- YOUR TASK -
Transcribe every line of the material below exactly, leaving out the pictures.
+++ STORED DATA +++
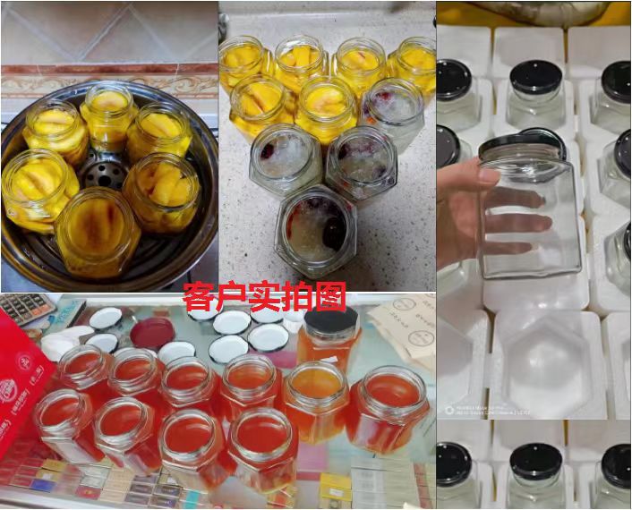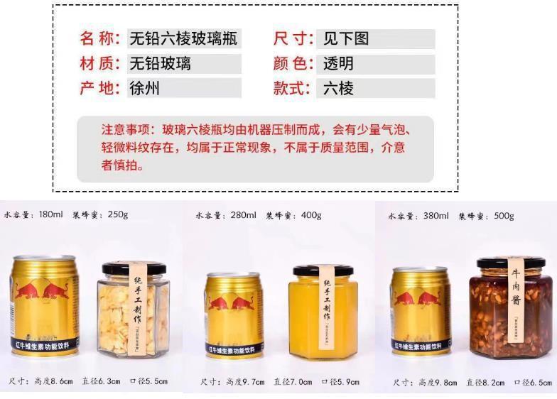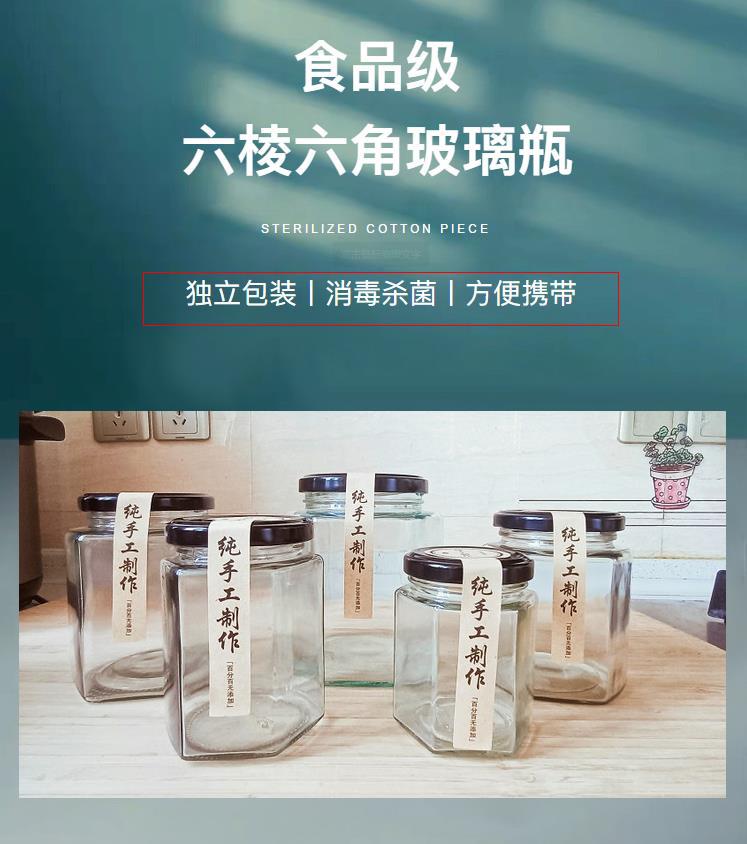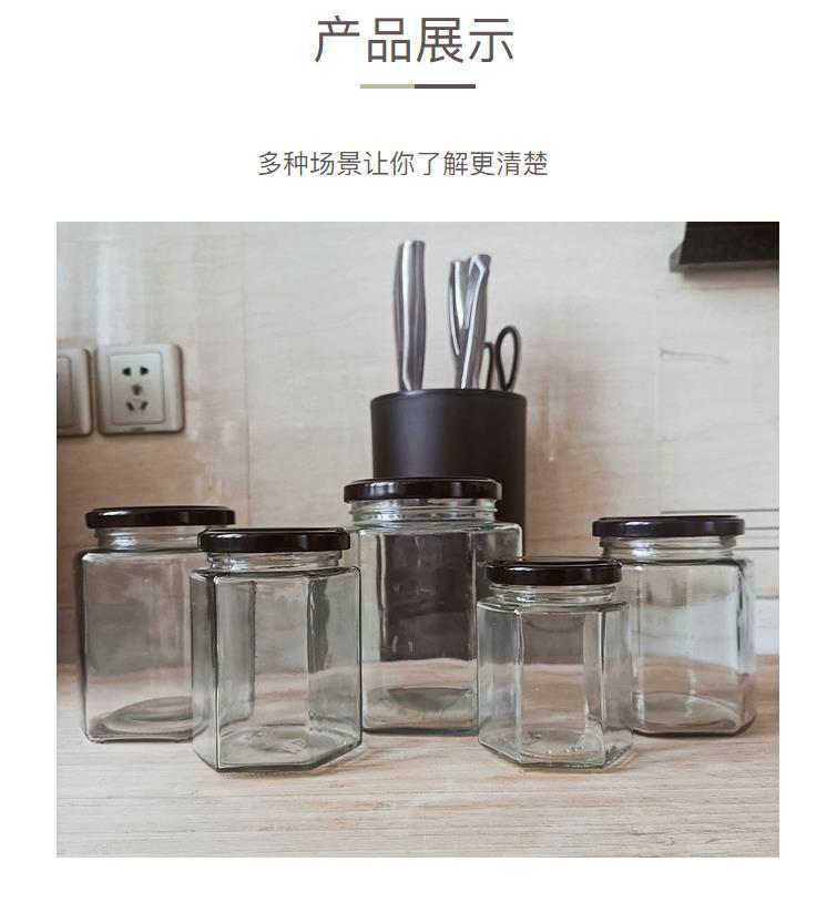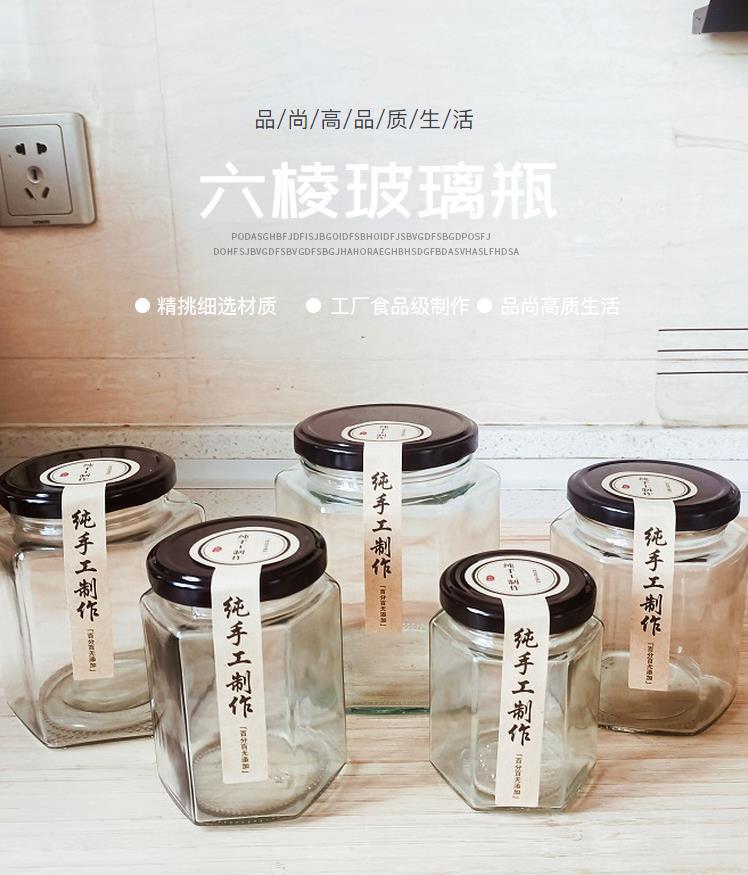 6 면 유리 병 밀폐 된 항아리 식품 등급 레몬 페이스트 뚜껑이 1 킬로그램의 허니 칠리 소스 잼 육각형 병 비어 있음스토어 가기
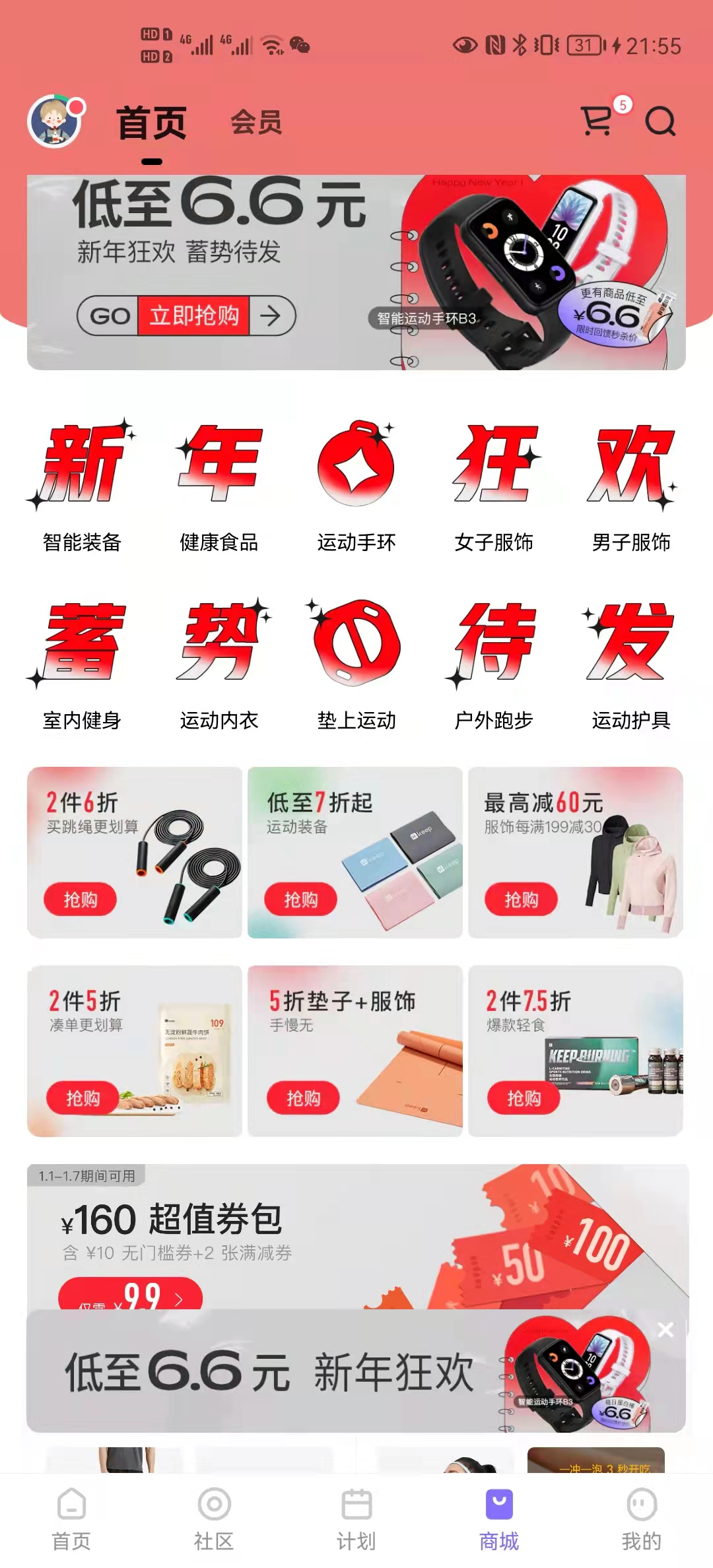 “商城”Tab功能 主要承载了keepers提供运动饮食食品、健身食品、健康餐食、装备、智能设备(是Keep产品变现的关键模块);
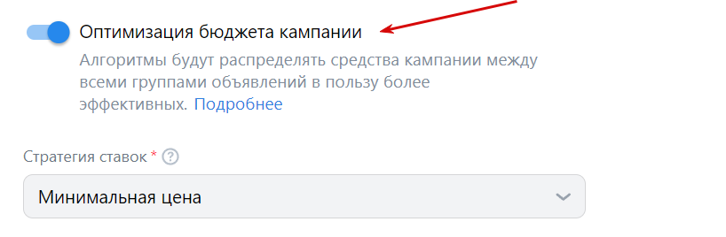 Автоматическую оптимизацию бюджета можно включить сразу на уровне настройки кампании или при настройке групп объявлений. Если включить оптимизацию на уровне кампании, алгоритм будет распределять бюджет между группами объявлений таким образом, чтобы получить максимум конверсий с минимальными затратами. При оптимизации на уровне групп распределение бюджета идет между объявлениями внутри одной группы.
+++
- EXERCISE RESULT -
 6 면 유리 병 밀폐 된 항아리 식품 등급 레몬 페이스트 뚜껑이 1 킬로그램의 허니 칠리 소스 잼 육각형 병 비어 있음스토어 가기
 “商城”Tab功能 主要承载了keepers提供运动饮食食品、健身食品、健康餐食、装备、智能设备(是Keep产品变现的关键模块);
 Автоматическую оптимизацию бюджета можно включить сразу на уровне настройки кампании или при настройке групп объявлений. Если включить оптимизацию на уровне кампании, алгоритм будет распределять бюджет между группами объявлений таким образом, чтобы получить максимум конверсий с минимальными затратами. При оптимизации на уровне групп распределение бюджета идет между объявлениями внутри одной группы.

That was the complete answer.